Work instruction: Print word for word whatever lies between the first line of the material and the line holding "Silhouette of leaning", both included, and omit all pictures.

Exercise data:
-------------------------
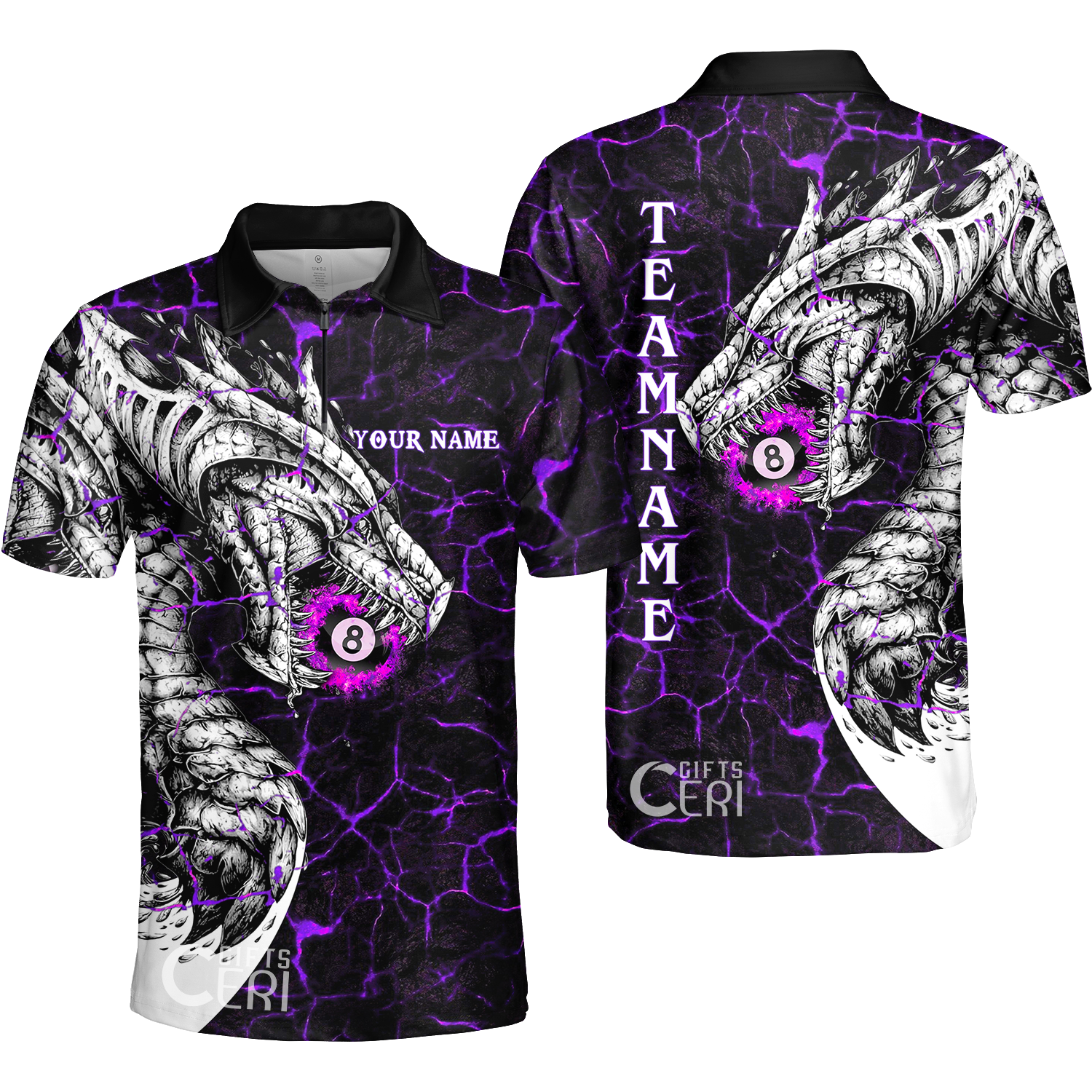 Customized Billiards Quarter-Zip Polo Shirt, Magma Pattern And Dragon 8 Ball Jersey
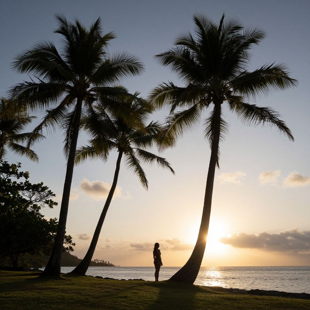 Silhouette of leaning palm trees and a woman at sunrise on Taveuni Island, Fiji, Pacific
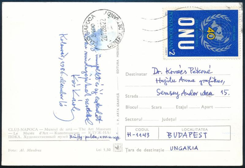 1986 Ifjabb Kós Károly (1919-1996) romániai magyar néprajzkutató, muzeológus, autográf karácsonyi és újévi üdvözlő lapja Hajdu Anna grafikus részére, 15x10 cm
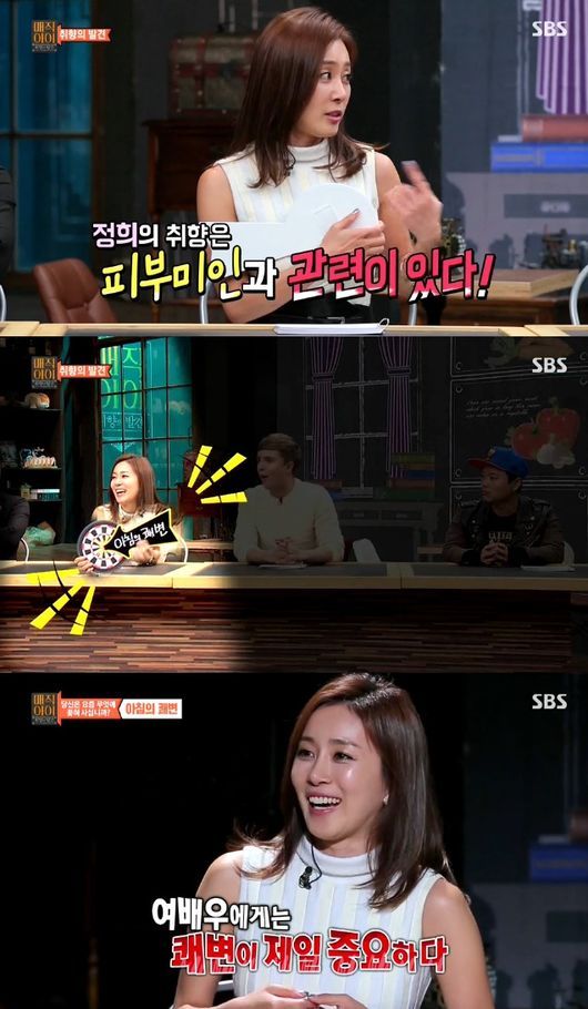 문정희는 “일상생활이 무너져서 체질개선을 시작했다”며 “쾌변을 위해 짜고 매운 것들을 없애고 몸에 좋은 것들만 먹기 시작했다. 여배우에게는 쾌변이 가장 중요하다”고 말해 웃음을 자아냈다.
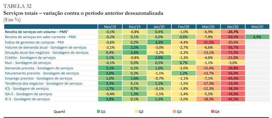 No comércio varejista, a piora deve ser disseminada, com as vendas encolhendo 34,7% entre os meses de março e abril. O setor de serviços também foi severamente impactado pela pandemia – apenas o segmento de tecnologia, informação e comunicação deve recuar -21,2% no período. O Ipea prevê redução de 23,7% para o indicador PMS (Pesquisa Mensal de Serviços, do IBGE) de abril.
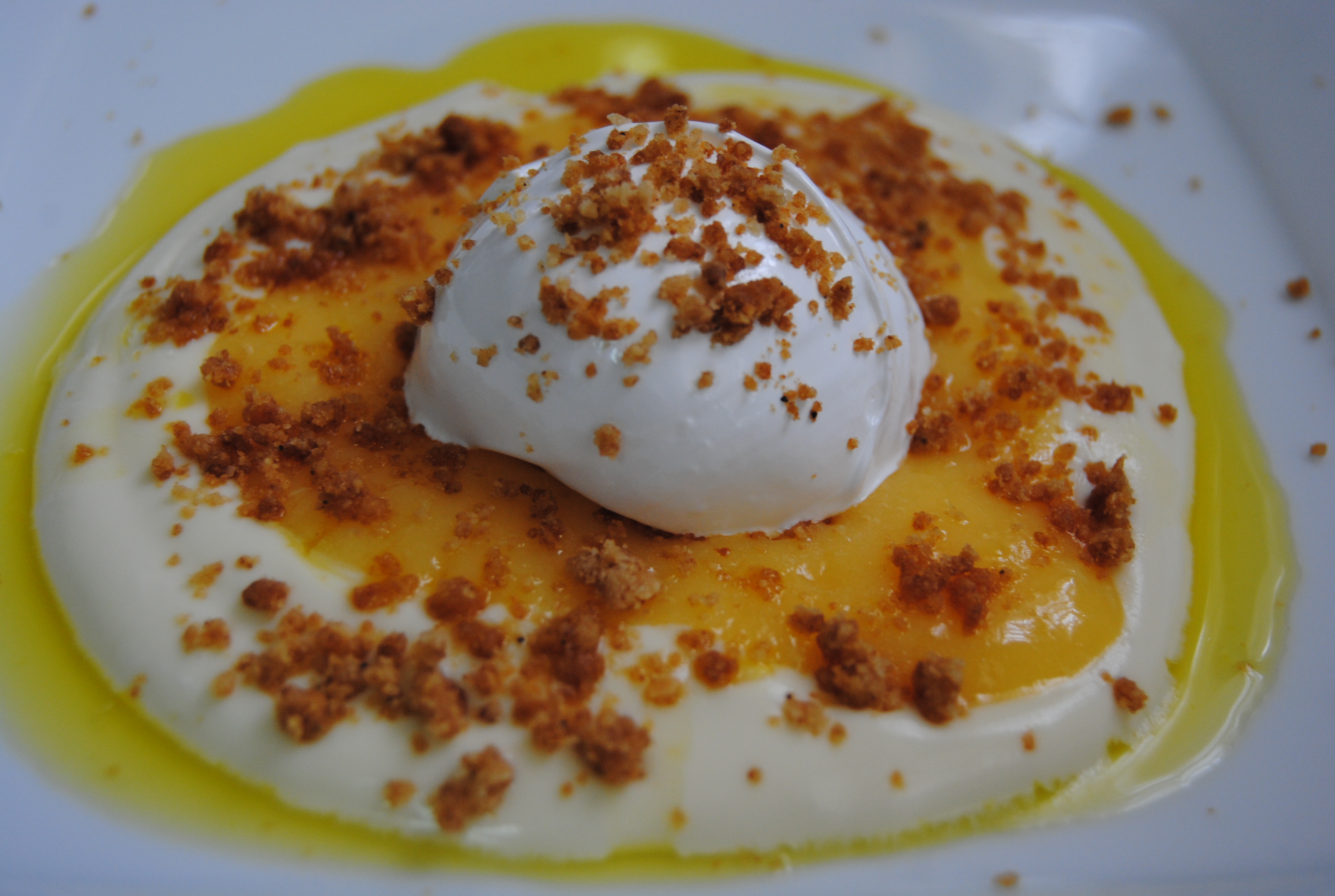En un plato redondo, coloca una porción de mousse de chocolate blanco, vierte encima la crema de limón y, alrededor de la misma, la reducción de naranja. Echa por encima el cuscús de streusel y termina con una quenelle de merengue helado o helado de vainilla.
-------------------------
The completed task:
 Customized Billiards Quarter-Zip Polo Shirt, Magma Pattern And Dragon 8 Ball Jersey
 Silhouette of leaning palm trees and a woman at sunrise on Taveuni Island, Fiji, Pacific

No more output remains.